Beginning with the first line below, retype exactly each line through the one containing "Guttering leaves of". Leave out all pictures.

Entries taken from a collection
----------

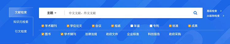平台检索涵盖的资源类型有:学术期刊、学位论文、会议、报纸、年鉴、专利、标准、成果、图书、学术辑刊、特色期刊。
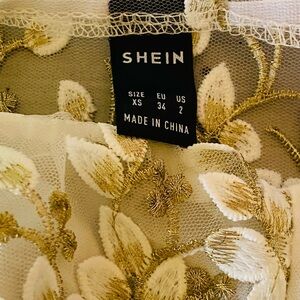 Guttering leaves of gold on the bodice. Side zipper opening . Approximately 12 inches across the bottom hem laying flat. Adjustable straps. Polyester. Bra cups are lined. No padding.
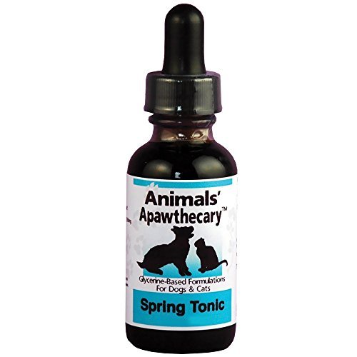 Animals' Apawthecary Spring Tonic supports normal respiratory function in cats or dogs with allergies using an organic herbal formula. This formulation combines extracts from several herbs to combat the effects of hay fever; the nettle leaf acts as a natural antihistamine while eyebright and licorice root combat inflammation. Licorice root also acts as an expectorant to prevent coughing and sneezing. Animals' Apawthecary Spring Tonic also contains burdock root, which supports liver function to help eliminate potential allergens from your pet's system. This bottle comes with 2 fluid ounces of the tincture but there is also a bottle that holds 1 fluid ounce . Protect your pet from allergies this season with this natural herbal formulation order now Key Features: Supports respiratory function and combats allergies in dogs and cats Organic herbal formula is natural and gentle on your pet's stomach Available in 1 or 2 fl oz bottlesFeature
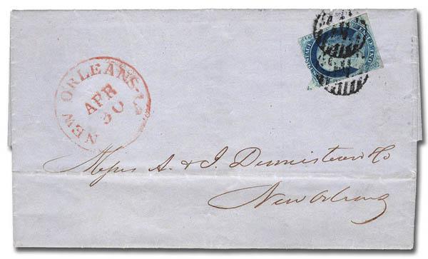 1851, 1¢ Franklin, blue, type II (Scott 7), deep shade, used on a neat New Orleans folded letter, Fine to Very Fine. Scott $175. Estimate $60 - 80. Scott $175 Suggested Bid $60-80 (Image)
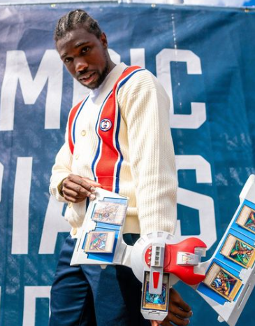 Two-time Olympic medalist and six-time world champion, always carries his Yu-Gi-Oh cards.🎴 Over the weekend, Noah Lyles matched a @gucci cardigan with a Yu-Gi-Oh! duel disk equipped with a full Exodia set and original Blue Eyes White Dragon. but wait, haven't you seen how he got all the pieces of Exodia good lordeeee it's over!!

----------

◆ **YOUR SOLUTION**
平台检索涵盖的资源类型有:学术期刊、学位论文、会议、报纸、年鉴、专利、标准、成果、图书、学术辑刊、特色期刊。
 Guttering leaves of gold on the bodice. Side zipper opening . Approximately 12 inches across the bottom hem laying flat. Adjustable straps. Polyester. Bra cups are lined. No padding.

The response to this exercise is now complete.